● **Task prompt**
Keep the pictures out of the copy and repeat the records exactly.

● **Dataset items**
- - - -
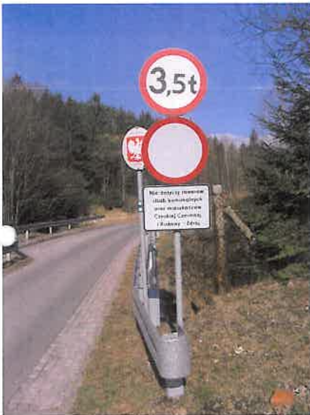
Zdjęcie nr 9
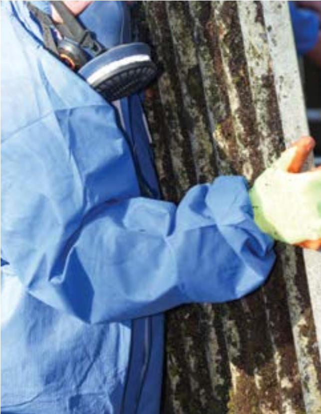
إلبس ثياباً للحماية لدى الترميم.

تنوافر الـ PPE تجارياً لدى مزوّدي قطاع البناء، متاجر معدّات السلامة وبعض متاجر الخردوات.
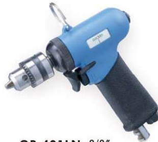
OP-401LN 3/8" Handle exhaust 下排氣
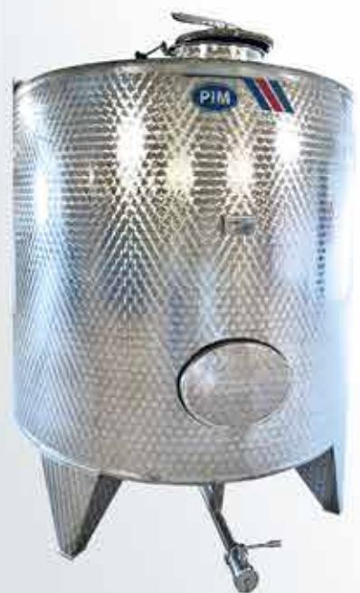
Резервоар/ Резервуар/ Tank
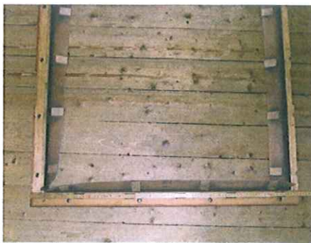
Pakninger til stempler, for udskiftning af skind.

Kassebælgeanlægget er tilsluttet med 2 nye kanaler med rygslagsventiler, og forbundet til vindladesektionerne.
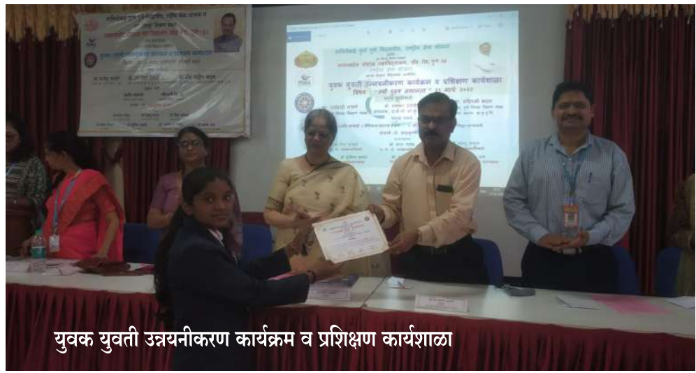
युवक युवती उन्नयनीकरण कार्यक्रम व प्रशिक्षण कार्यशाळा
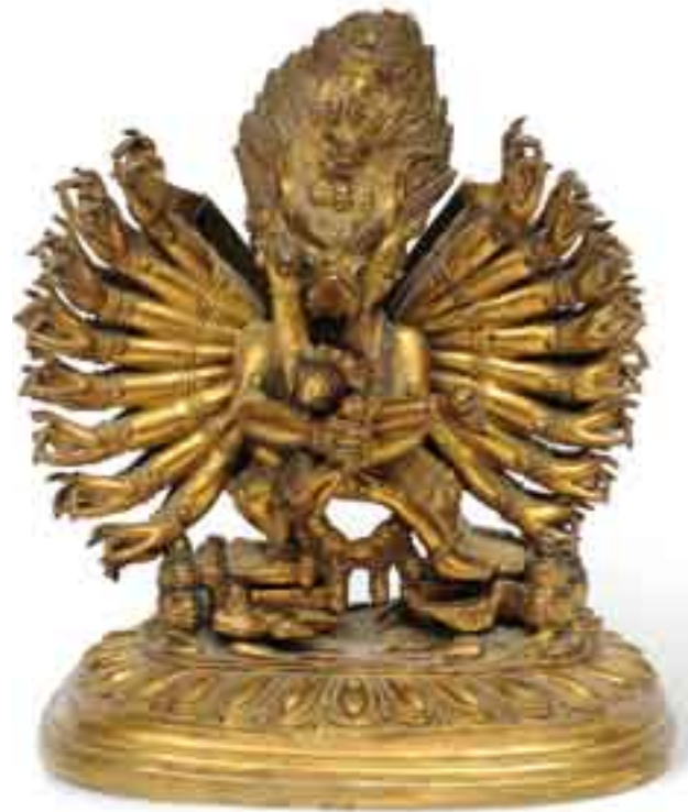
51 GROUPE EN BRONZE ciselé, doré représentant un Lama assis sur le lotus. Tibet, XV e -XVI e siècle. H_24,5 cm 3 000 / 5 000 € Provenance : collection privée.
- - - -
● **Result of the exercise**
Zdjęcie nr 9
إلبس ثياباً للحماية لدى الترميم.

تنوافر الـ PPE تجارياً لدى مزوّدي قطاع البناء، متاجر معدّات السلامة وبعض متاجر الخردوات.
OP-401LN 3/8" Handle exhaust 下排氣
Резервоар/ Резервуар/ Tank
Pakninger til stempler, for udskiftning af skind.

Kassebælgeanlægget er tilsluttet med 2 nye kanaler med rygslagsventiler, og forbundet til vindladesektionerne.
युवक युवती उन्नयनीकरण कार्यक्रम व प्रशिक्षण कार्यशाळा
51 GROUPE EN BRONZE ciselé, doré représentant un Lama assis sur le lotus. Tibet, XV e -XVI e siècle. H_24,5 cm 3 000 / 5 000 € Provenance : collection privée.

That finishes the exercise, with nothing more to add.